● Directions for this task
In the records below, find the line holding "Stitched Payments [+]" and the line holding "মকবুল হোসেন,স্টাফ রিপোর্টার". Set down both, with every line between them, exactly.

● Data section
• • • • •

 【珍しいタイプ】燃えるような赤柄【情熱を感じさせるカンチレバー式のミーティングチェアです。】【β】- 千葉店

• • • • •

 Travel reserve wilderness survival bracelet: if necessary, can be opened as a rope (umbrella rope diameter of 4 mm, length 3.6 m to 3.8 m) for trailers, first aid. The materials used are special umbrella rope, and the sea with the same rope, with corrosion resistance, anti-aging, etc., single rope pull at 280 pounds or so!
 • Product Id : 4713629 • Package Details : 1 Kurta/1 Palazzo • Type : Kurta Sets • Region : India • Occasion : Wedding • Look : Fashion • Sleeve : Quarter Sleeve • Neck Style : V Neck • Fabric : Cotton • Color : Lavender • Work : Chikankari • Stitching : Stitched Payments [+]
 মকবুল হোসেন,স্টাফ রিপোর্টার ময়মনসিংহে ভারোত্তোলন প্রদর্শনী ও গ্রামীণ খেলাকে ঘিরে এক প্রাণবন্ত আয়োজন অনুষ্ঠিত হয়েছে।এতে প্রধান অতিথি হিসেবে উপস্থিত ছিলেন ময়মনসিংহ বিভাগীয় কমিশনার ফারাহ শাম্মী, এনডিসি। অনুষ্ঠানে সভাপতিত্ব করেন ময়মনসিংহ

• • • • •

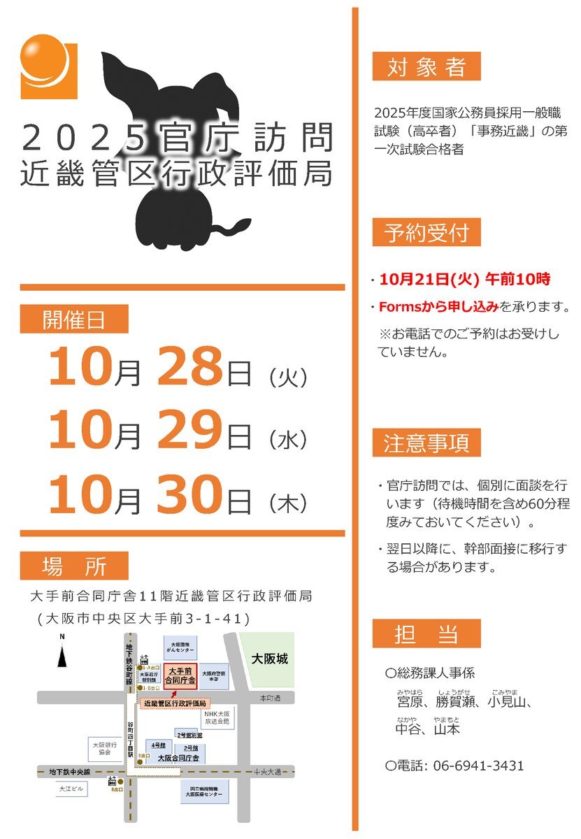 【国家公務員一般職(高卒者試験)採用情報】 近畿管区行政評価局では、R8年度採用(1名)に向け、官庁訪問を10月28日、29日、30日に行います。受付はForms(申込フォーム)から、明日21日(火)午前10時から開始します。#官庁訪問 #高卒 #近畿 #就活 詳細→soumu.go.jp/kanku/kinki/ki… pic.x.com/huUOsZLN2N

• • • • •

● Written reply
 • Product Id : 4713629 • Package Details : 1 Kurta/1 Palazzo • Type : Kurta Sets • Region : India • Occasion : Wedding • Look : Fashion • Sleeve : Quarter Sleeve • Neck Style : V Neck • Fabric : Cotton • Color : Lavender • Work : Chikankari • Stitching : Stitched Payments [+]
 মকবুল হোসেন,স্টাফ রিপোর্টার ময়মনসিংহে ভারোত্তোলন প্রদর্শনী ও গ্রামীণ খেলাকে ঘিরে এক প্রাণবন্ত আয়োজন অনুষ্ঠিত হয়েছে।এতে প্রধান অতিথি হিসেবে উপস্থিত ছিলেন ময়মনসিংহ বিভাগীয় কমিশনার ফারাহ শাম্মী, এনডিসি। অনুষ্ঠানে সভাপতিত্ব করেন ময়মনসিংহ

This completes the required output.